Acosta Andres, Azzalin Alice, Emmons Claudia J, Shuster Jonathan J, Jay Melanie, Lo Margaret C
Division of Internal Medicine, Department of Medicine, University of Florida College of Medicine, Gainesville, Florida, USA.
Department of Health Outcomes and Policy, University of Florida College of Medicine, Gainesville, Florida, USA.
Postgrad Med J. 2014 Nov;90(1069):630-7. doi: 10.1136/postgradmedj-2014-132821. Epub 2014 Sep 11.
BACKGROUND/OBJECTIVES: Obesity has been declared a 21st century pandemic by WHO. Yet surveys reveal physicians-in-training are uncomfortable managing obesity. One major barrier is the lack of residency education on obesity management. This study incorporates an obesity-specific didactic curriculum into an internal medicine (IM) residency programme and assesses its impact on residents' knowledge, attitudes, practice behaviours, and clinical outcomes in patients with obesity.
The intervention consisted of four, 1 h, obesity-specific lectures in the University of Florida Resident Noon Conference. Lectures were taught by multidisciplinary experts and offered to 75 IM residents every 2 weeks from 5 November 2010 to 17 December 2010. Impact on IM residents' knowledge and attitudes was assessed by a pre- and post-intervention Obesity Awareness Questionnaire (OAQ). IM residents' clinical performance was assessed by chart reviews of 238 patients with body mass index >25 kg/m(2) in residents' clinics 4 months pre- and 6 months post-intervention for three clinical outcomes and seven practice behaviours on obesity management. Pre- and post-intervention outcomes were compared via paired t tests (quantitative data) or McNemar's test (binary data).

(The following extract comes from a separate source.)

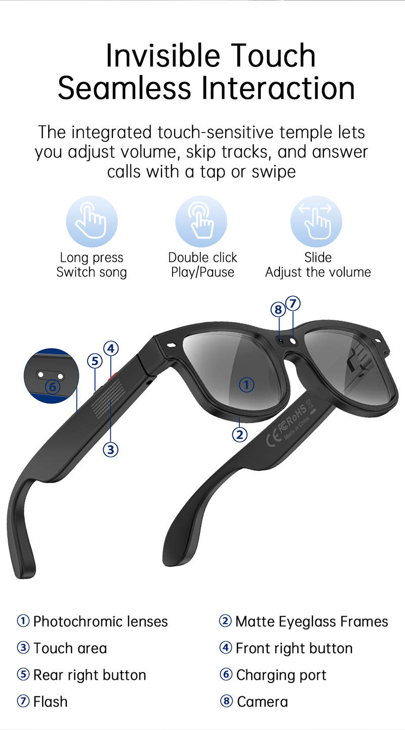 AI Smart Glasses RC-SG021 integrate photography, video recording,

Mean lecture attendance was 25/75 residents (33%) per lecture. Survey response was 67/75 residents (89%) pre-OAQ and 63/75 residents (84%) post-OAQ. While most attitudes remained unchanged, IM residents gained significant confidence in exercise counselling, safety of bariatric surgery, and patients' weight loss potential; they were more likely to address obesity in the plan and referrals to bariatric surgery. Clinical outcomes and IM residents' knowledge demonstrated no improvement.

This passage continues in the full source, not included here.